Using the FEM model, the system 100 may calculate an acoustic pressure at each microphone (at each frequency) by solving the Helmholtz equation numerically with a background acoustic wave. This procedure is repeated for each possible acoustic wave and each possible direction to generate a full dictionary that completely characterizes a behavior of the device 410 for each acoustic wave (e.g., device response for each acoustic wave). Thus, the system 100 may simulate the device acoustic characteristics data 114 and may apply the device acoustic characteristics data 114 to any room configuration.


In other examples, the system 100 may determine the device acoustic characteristics data 114 described above by physical measurement 460 in an anechoic room 465, as illustrated in FIG. 4C. For example, the system 100 may measure acoustic pressure values at each of the microphones 402 in response to an input (e.g., impulse) generated by a loudspeaker 470. The input may correspond to white noise or other waveforms, and may include a frequency sweep across all frequency bands of interest (e.g., input signal includes white noise within all desired frequency bands).


To model all of the potential acoustic waves, the system 100 may generate the input using the loudspeaker 470 in all possible locations in the anechoic room 465. For example, FIG. 4C illustrates examples of the loudspeaker 470 generating inputs at multiple source locations 475 along a horizontal direction, such as a first input at a first source location 475a, a second input at a second source location 475b, and so on until an n-th input at an n-th source location 475n. This is intended to illustrate that the loudspeaker 470 generates the input at every possible source location 475 associated with a first horizontal row. In addition, the system 100 may generate the input using the loudspeaker 470 at every possible source location 475 in every horizontal row without departing from the disclosure. Thus, the loudspeaker 470 may generate inputs at every possible source location 475 throughout the anechoic room 465, until finally generating a z-th input at a z-th source location 475z.



FIG. 5 is a flowchart conceptually illustrating example methods for performing additional processing using the complex amplitude data according to embodiments of the present disclosure. As illustrated in FIG. 5, the device 110 may perform steps 130-136 to determine complex amplitude data 116, as described in greater detail above with regard to FIG. 1. As these steps are described above, a redundant description is omitted.

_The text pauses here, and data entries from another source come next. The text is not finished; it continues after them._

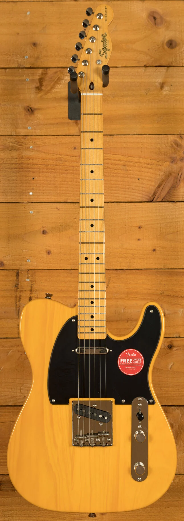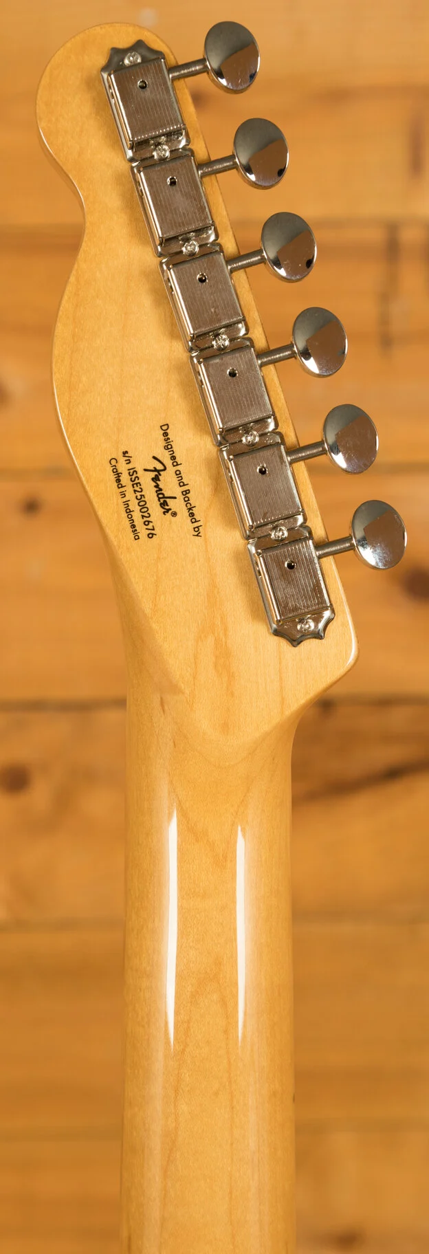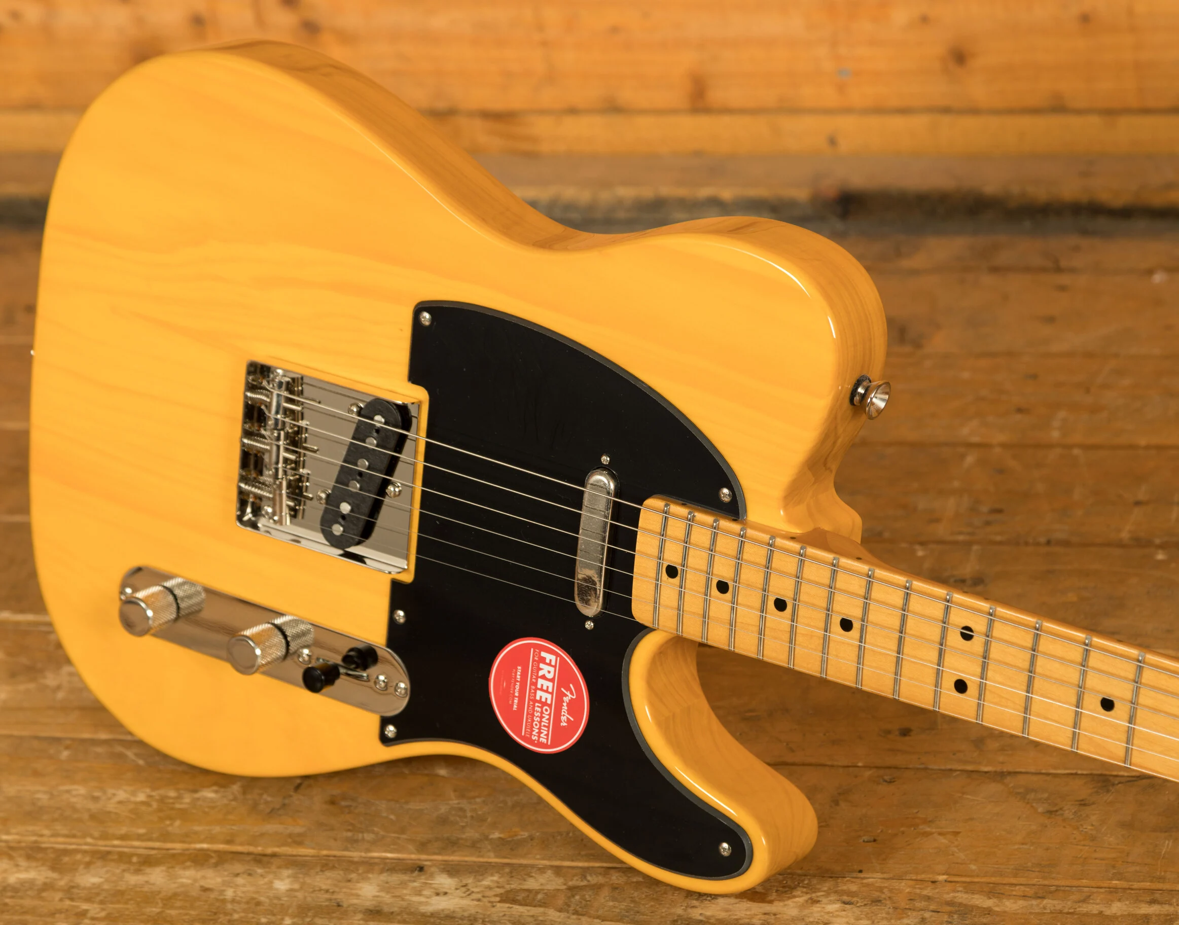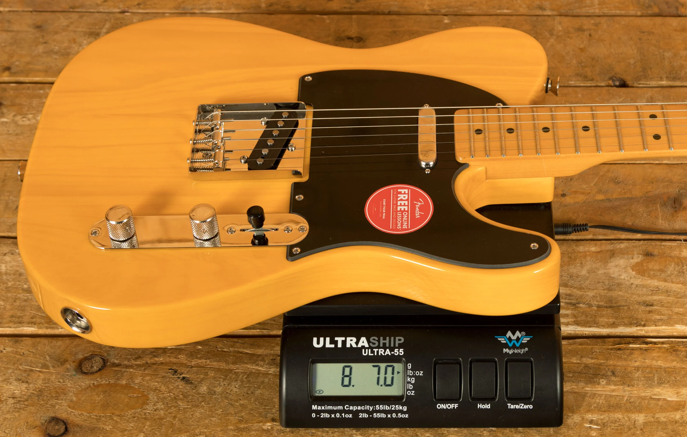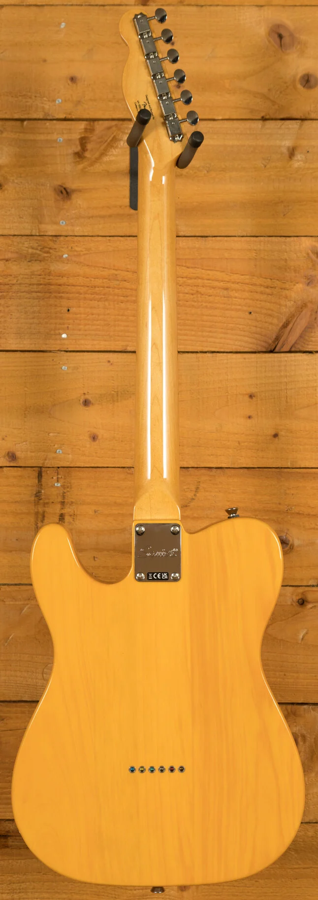 The Pine body is finished in a crisp Butterscotch Blonde, lightweight and finely crafted; it delivers classic Tele tones. The Maple neck features a modern C profile, 25.5" scale length, 9.5" radius and 21 narrow tall frets. It's real comfortable, whether you are playing huge chords or smooth lead lines, the Tele can deliver it.
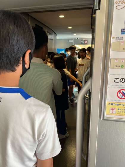 あと、20分ほどで静岡駅に到着です。トイレ待ち渋滞です。
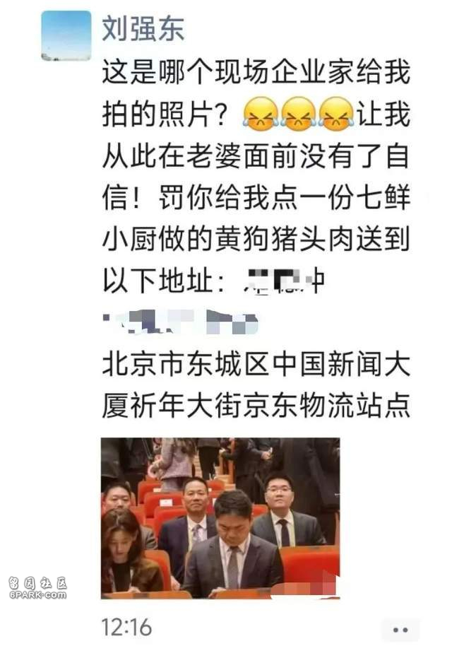 据晒出截图的网友称,该朋友圈确认是刘强东本人。朋友圈用户名称是刘强东,头像背景是蓝色天空,只见他晒出了一张与章泽天同时低头看手机的照片,开篇询问“是哪个现场企业家给拍的照片,让我从此在老婆面前没有了自信”,并搭配了几个哭泣的表情包。而后还以惩罚的口吻留下地址要对方帮他点外卖,无形间给自家商铺打广告了。
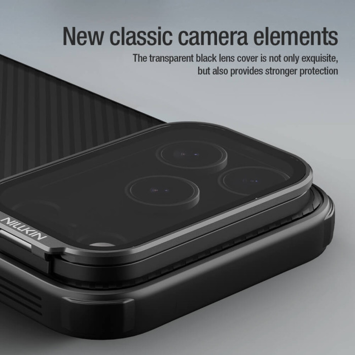 Η θήκη της σειράς CamShield Prop της Nillkin χαρακτηρίζεται από την ενισχυμένη προστασία που προσφέρει, το σκληρό υλικό κατασκευής της με την ανάγλυφη επιφάνεια, αλλά και την έξτρα προστασία των καμερών και της ιδιωτικότητας σας, χάρη στο ανοιγόμενο μεταλλικό καπάκι καμερών, το οποίο μπορεί να χρησιμοποιηθεί και ως stand.

After determining the complex amplitude data 116, the device 110 may use the complex amplitude data 116 to perform a variety of functions. As illustrated in FIG. 5, in some examples the device 110 may perform (510) beamforming using the complex amplitude data 116. For example, the device 110 may perform acoustic beamforming based on the device acoustic characteristics data 114, the complex amplitude data 116, and/or the like, to distinguish between different directions relative to the microphone array 120. Additionally or alternatively, the device 110 may perform (512) sound source localization and/or separation using the complex amplitude data 116. For example, the device 110 may distinguish between multiple sound source(s) in the environment and generate audio data corresponding to each of the sound source(s), although the disclosure is not limited thereto. In some examples, the device 110 may perform (514) dereverberation using the complex amplitude data 116.


The device 110 may also perform (516) acoustic mapping using the complex amplitude data 116. In some examples, the device 110 may perform acoustic mapping such as generating a room impulse response (RIR). The RIR corresponds to an impulse response of a room or environment surrounding the device, such that the RIR is a transfer function of the room between sound source(s) and the microphone array 120 of the device 110. For example, the device 110 may generate the RIR by using the complex amplitude data 116 to determine an output signal corresponding to the sound source(s) and/or an input signal corresponding to the microphone array 120. The disclosure is not limited thereto, and in other examples, the device 110 may perform acoustic mapping to generate an acoustic map (e.g., acoustic source map, heatmap, and/or other representation) indicating acoustic sources in the environment. For example, the device 110 may locate sound source(s) in the environment and/or estimate their strength, enabling the device 110 to generate an acoustic map indicating the relative positions and/or strengths of each of the sound source(s). These sound source(s) include users within the environment, loudspeakers or other device(s) in the environment, and/or other sources of audible noise that the device 110 may detect.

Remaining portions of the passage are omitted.